Bir önceki “Rejim Sorunlarımız” başlıklı yazımda, yönetim biçimleri sorunlarını genel olarak ele almıştık. Cumhuriyet kurucularımız, gerekli yasaları hazırlayıp TBMM’de kabul ederek, kurumsal detayları yasalara göre oluşturulup uygulamaya başlatmışlar. Ancak, birileri tarafından özellikle maksatlı olarak düzenin bozulması için ne kadar kötülük varsa yapmaya devam ediyorlar. Bu yazı da, çağdaşlık ve demokratlığın önüne takoz koyanlar ve onlara fırsat veren “Hükmedicilerin” anlatımı olacaktır.

Irkımızın, batıya göçü ve tarihinden bildiğimiz güzel gerçekleri, göç ile yerinden olma burukluğunu, sonra oluşturulan yeni vatanlarına daha çok sarılarak gidermişlerdir. Bu yüzden, vatan için savaşa çağırıldığımızda canımızı cebimize koyar, her türlü riskleri göze alabiliriz. Dolayısıyla askerlik genç ve yaşlı, kadın ve erkek, hepimiz için kutsal görevdir.
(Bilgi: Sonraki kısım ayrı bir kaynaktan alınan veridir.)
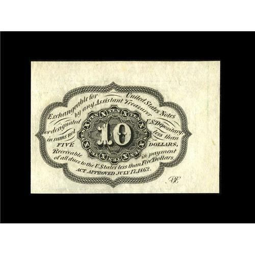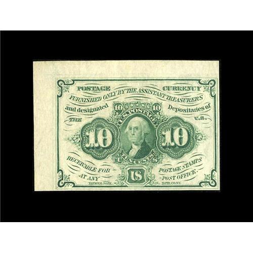 <B>Fr. 1242 10¢ First Issue Gem New.</B></I> The top and left margin are the wide sheet selvage, both measuring more than 1/4". The colors are terrific, the surfaces strictly original and the note is a Gem in every sense of the word.<BR><I>From The Jacob and Heather Dedman Collection</B></I><BR><BR><b>Shipping:</b> Coins & Currency (<a target="_blank" href="http://www.heritageauctions.com/common/shipping.php">view shipping information</a>)

Ama son 22 yılda devlet yönetme görevine gelenler milletin emrinde değil, millete hükmedenler olmuştur. Kendi ve yakınlarının yurt savunan askeri olmadılar. Şehitliğin kutsallığını hep dillendirdiler ama yaşayamadılar.

Dindarlık, bazılarının sakız gibi çiğnediği, ibadet, yine onların gösteriş aracı, ahlak da, ahlaksızların maskesi olmuştur. Bu yoldan millete hükmedenler az değildir. Seçmen sayılandırma araştırmaları, ülkedeki toplam seçmenin 60 milyon ve %10’u tarikatların kölesi olduğunu söyler. Her köle ailesinde 2 seçmen daha olsa, seçmenlerin %30’u güdümlü demektir. Bunun adı demokratlık mı, açıkgözlük mü? Ortadoğu halkını şamar oğlanı haline getirenler din taciri ve şeriatçıları olduğunu asla unutmayalım.

Ülkemiz, son 78 yıl boyunca demokrasi sopalı ABD yönlendirmesi ile tam bağımsız olamadığı gibi demokrat da olamamıştır. Demokrasi bayrağı açıp karşısına etnik kışkırtma planlayan bir müttefik asla dost olamaz. Buna, akıl almayacak kadar çok nedenler sıralayabiliriz ama Irak ve Suriye sınır güvenliği, 15 Temmuz 2016 hainliği,  F-35 programı ikiyüzlülüğü ve S-400 düşmanlığını anımsamak yeter de artar.

İşte bu yüzden dış düşman, politikacı, tarikat ve cemaat işbirliğinden şikâyetçiyiz. Tarım ve hayvancı bir millet iken yanına sanayiciliği de eklemiştik. Son 22 yıl iğneden ipliğe dışa bağımlı olmuşsak, paramız da puldan kıymetsiz hale gelmişse şikâyetçiyiz demek hakkımızdır. O zaman birileri, hala bu krizi biz durdururuz diyerek ve bilerek suç işlemeğe devam ediyor demektir.

Bilerek suç işlemenin kasıt, bilmeden suç işlemeye de dikkatsizlik dendiğini hukuku az bilen ben dahi duydum. Mesela bütçe konuşmalarında tarikatlar için çıkış yapan bakan, biraz zorlanıp birkaç gün sonra geri çark ederek masum olabilir mi? Yıllardır bitmeyen ekonomik krizden dolayı borç para arıyoruz ama bulamıyoruz. Birde açıkça anayasa ve yasaları tanımıyoruz. O zaman hem suçlu hem de güçlü sayılmaz mıyız?

Yaşlı ve sade bir vatandaşım. Eleştiri bahanesiyle karalayıp çamur atmanın bana bir yararı olmayacağının bilincindeyim. Güzel olan her işe olumlu bakmaya çalışıyorum. Söz konusu ülke çıkarı ise fanatizmin gereksiz hatta zararlı olduğu kanısındayım. Köle seçmenlerin siyasal iradesizliğinin zararı kadar, fanatizm de zararlıdır. Çünkü bizim tek vatanımız var o da Türkiye Cumhuriyeti’dir.